SOURCE MATERIAL

★ ★ ★ ★

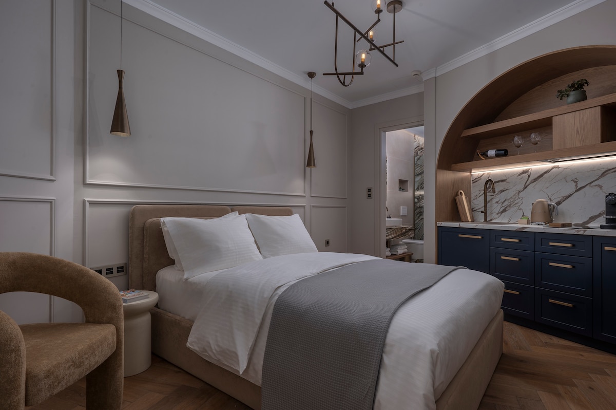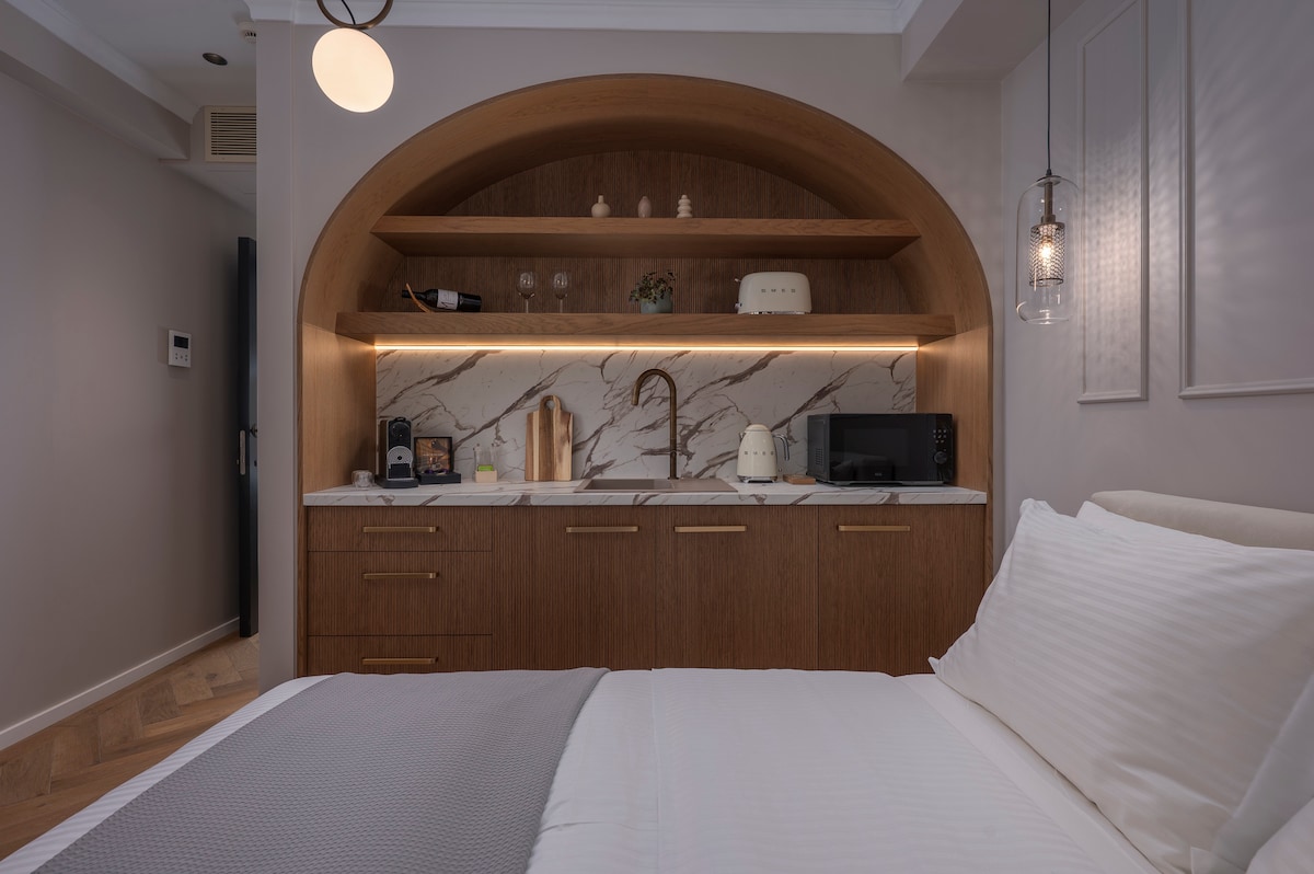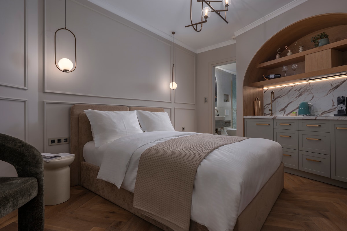 Η Σουίτα HLIOTROPIO είναι ένας χώρος που συνδυάζει την ιστορική κληρονομιά της Φλώρινας με την μοντέρνα πολυτέλεια. Κάθε γωνιά του αντανακλά την έμπνευση των παλιών γλυπτών, ενώ η τοποθεσία δίπλα στο ποτάμι και με θέα το βουνό δημιουργεί ένα καταφύγιο ηρεμίας και έμπνευσης.
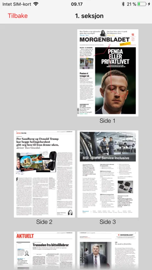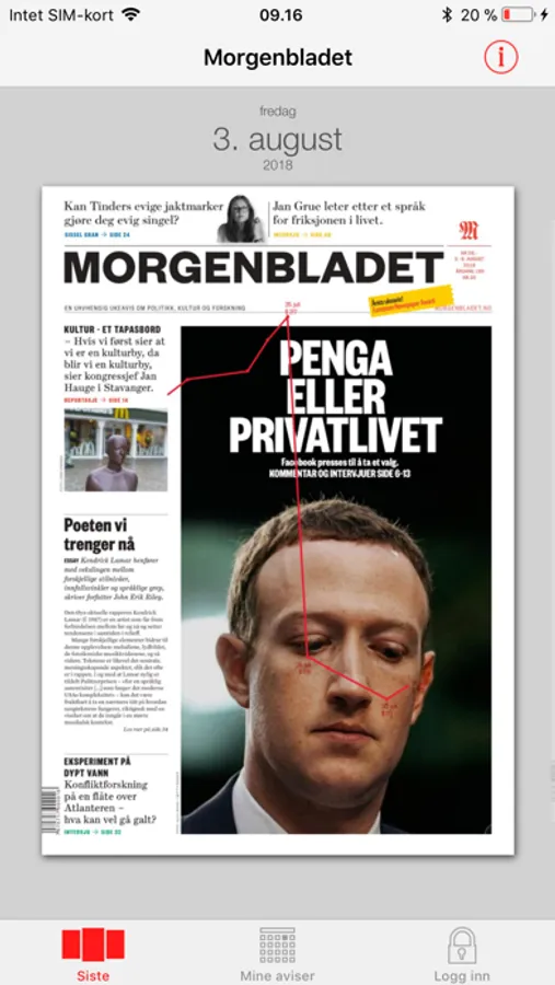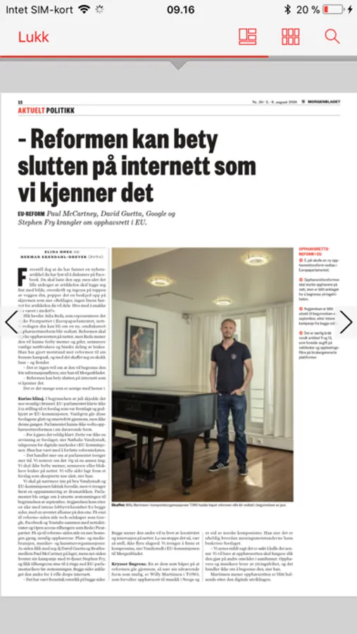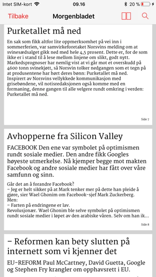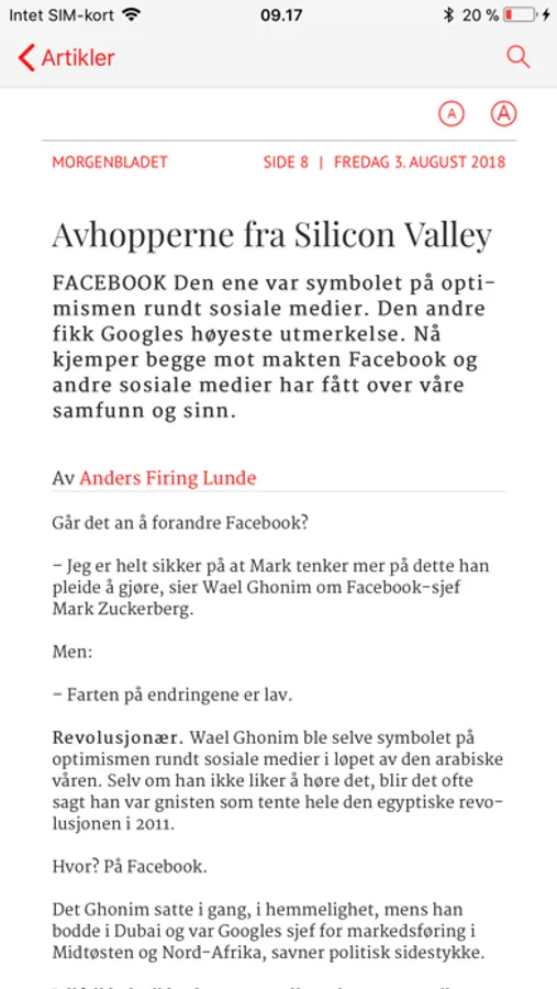 Artiklene kan zoomes inn og leses slik de ser ut i avisen. Du kan også trykke på enkeltartikler og få dem opp som ren tekst.
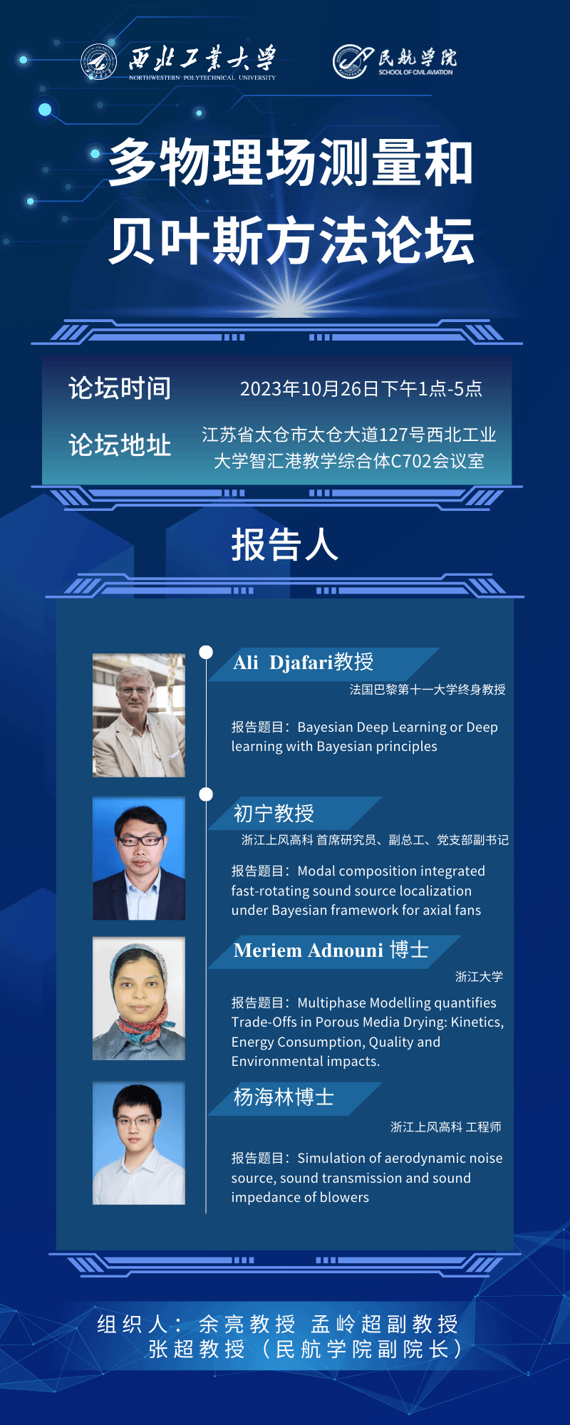 报告人简介:阿里 嘉法理(Ali Djafari)博士曾是法国国家科学研究中心研究主任,法国巴黎第十一大学终身教授(全球大学排名第14、法国第1位,拥有4位诺贝尔奖、5位菲尔兹奖),智能探测领域资深专家,为贝叶斯推断方法在工业智能诊断应用起到了极为关键的作用。他提出的高斯-波特图像分割算法、快速贝叶斯变分法、超参数贝叶斯推断方法等,受到国际学术和工业界高度认可。在无损探测、机械故障诊断、医学图像识别和工业大数据分析领域等广泛应用,相关技术被欧洲空中客车、法国泰勒斯、达索飞机、法国核电等直接采用,支持项目超过1千万欧元。发表论文300余篇、2部专著、8部合著、12本教材、培养博士生21位、硕士生31位。现为浙江上风高科专风实业股份有限公司(SZ000967)战略科学家、总工程师,首位浙江省引进的产业类国际顶尖人才、受到浙江省主要领导接见、浙江省西湖友谊奖候选人。
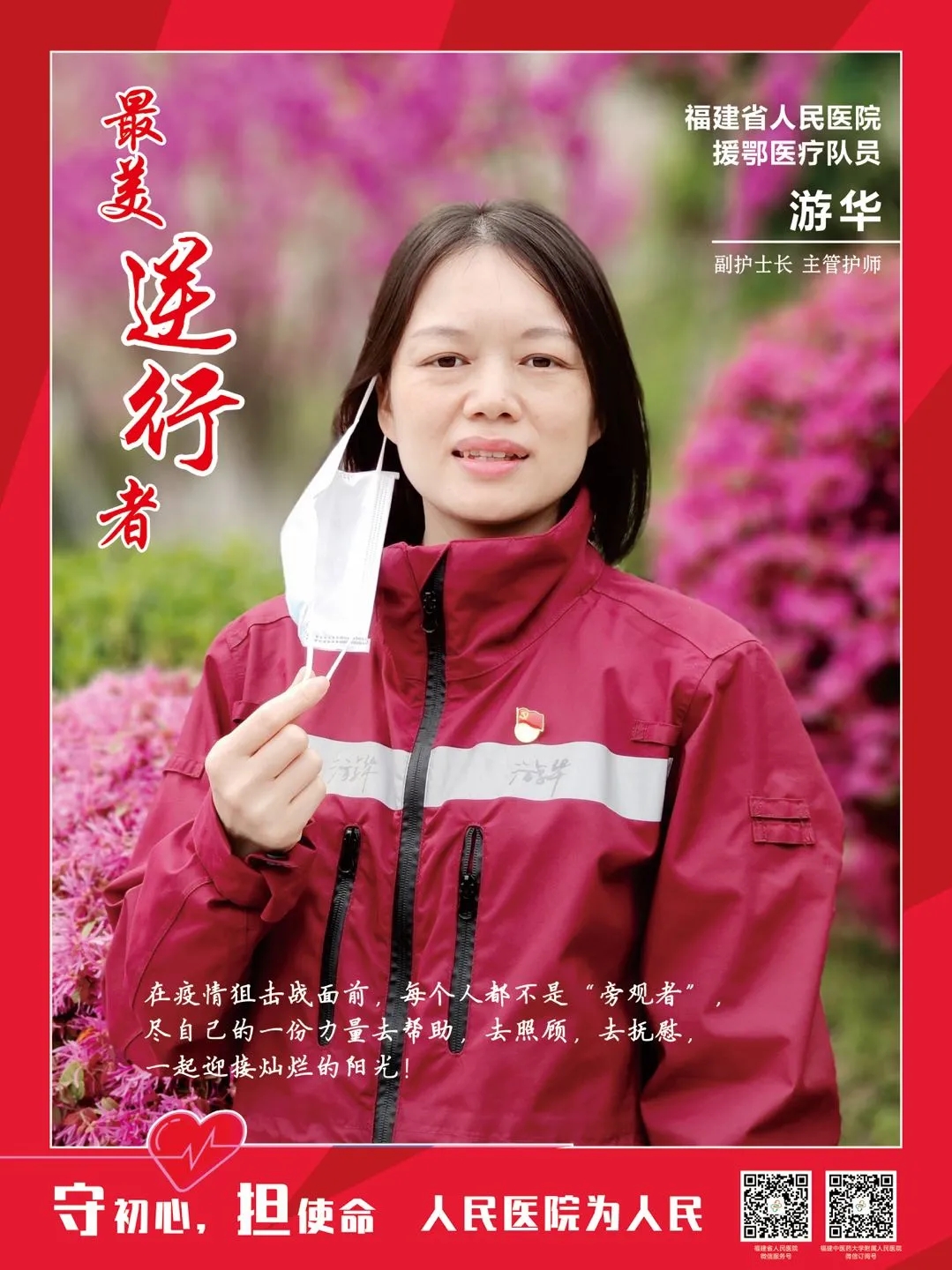 这些简短、勇敢、坚毅的话语,出自我省一位退役女军人游华之口。出生于闽西革命圣地的她,现在是福建中医药大学附属人民医院心血管科副护士长。1998年应征入伍,在部队期间表现优秀,还是第一年新兵的她就获评优秀士兵;2000年以优异的成绩考入第二军医大学南京军医学院,成为一名军护,2003年实习毕业之际直接投身防抗“非典”;2007年部队转业,后调到福建中医药大学附属人民医院,至今一直奋战在重症病患护理一线。

★ ★ ★ ★

WHAT NEEDS TO BE DONE
Print each line from the one containing "Artiklene kan zoomes" through the last line of the listing, both included, exactly and with no pictures.

ANSWER SPACE
 Artiklene kan zoomes inn og leses slik de ser ut i avisen. Du kan også trykke på enkeltartikler og få dem opp som ren tekst.
 报告人简介:阿里 嘉法理(Ali Djafari)博士曾是法国国家科学研究中心研究主任,法国巴黎第十一大学终身教授(全球大学排名第14、法国第1位,拥有4位诺贝尔奖、5位菲尔兹奖),智能探测领域资深专家,为贝叶斯推断方法在工业智能诊断应用起到了极为关键的作用。他提出的高斯-波特图像分割算法、快速贝叶斯变分法、超参数贝叶斯推断方法等,受到国际学术和工业界高度认可。在无损探测、机械故障诊断、医学图像识别和工业大数据分析领域等广泛应用,相关技术被欧洲空中客车、法国泰勒斯、达索飞机、法国核电等直接采用,支持项目超过1千万欧元。发表论文300余篇、2部专著、8部合著、12本教材、培养博士生21位、硕士生31位。现为浙江上风高科专风实业股份有限公司(SZ000967)战略科学家、总工程师,首位浙江省引进的产业类国际顶尖人才、受到浙江省主要领导接见、浙江省西湖友谊奖候选人。
 这些简短、勇敢、坚毅的话语,出自我省一位退役女军人游华之口。出生于闽西革命圣地的她,现在是福建中医药大学附属人民医院心血管科副护士长。1998年应征入伍,在部队期间表现优秀,还是第一年新兵的她就获评优秀士兵;2000年以优异的成绩考入第二军医大学南京军医学院,成为一名军护,2003年实习毕业之际直接投身防抗“非典”;2007年部队转业,后调到福建中医药大学附属人民医院,至今一直奋战在重症病患护理一线。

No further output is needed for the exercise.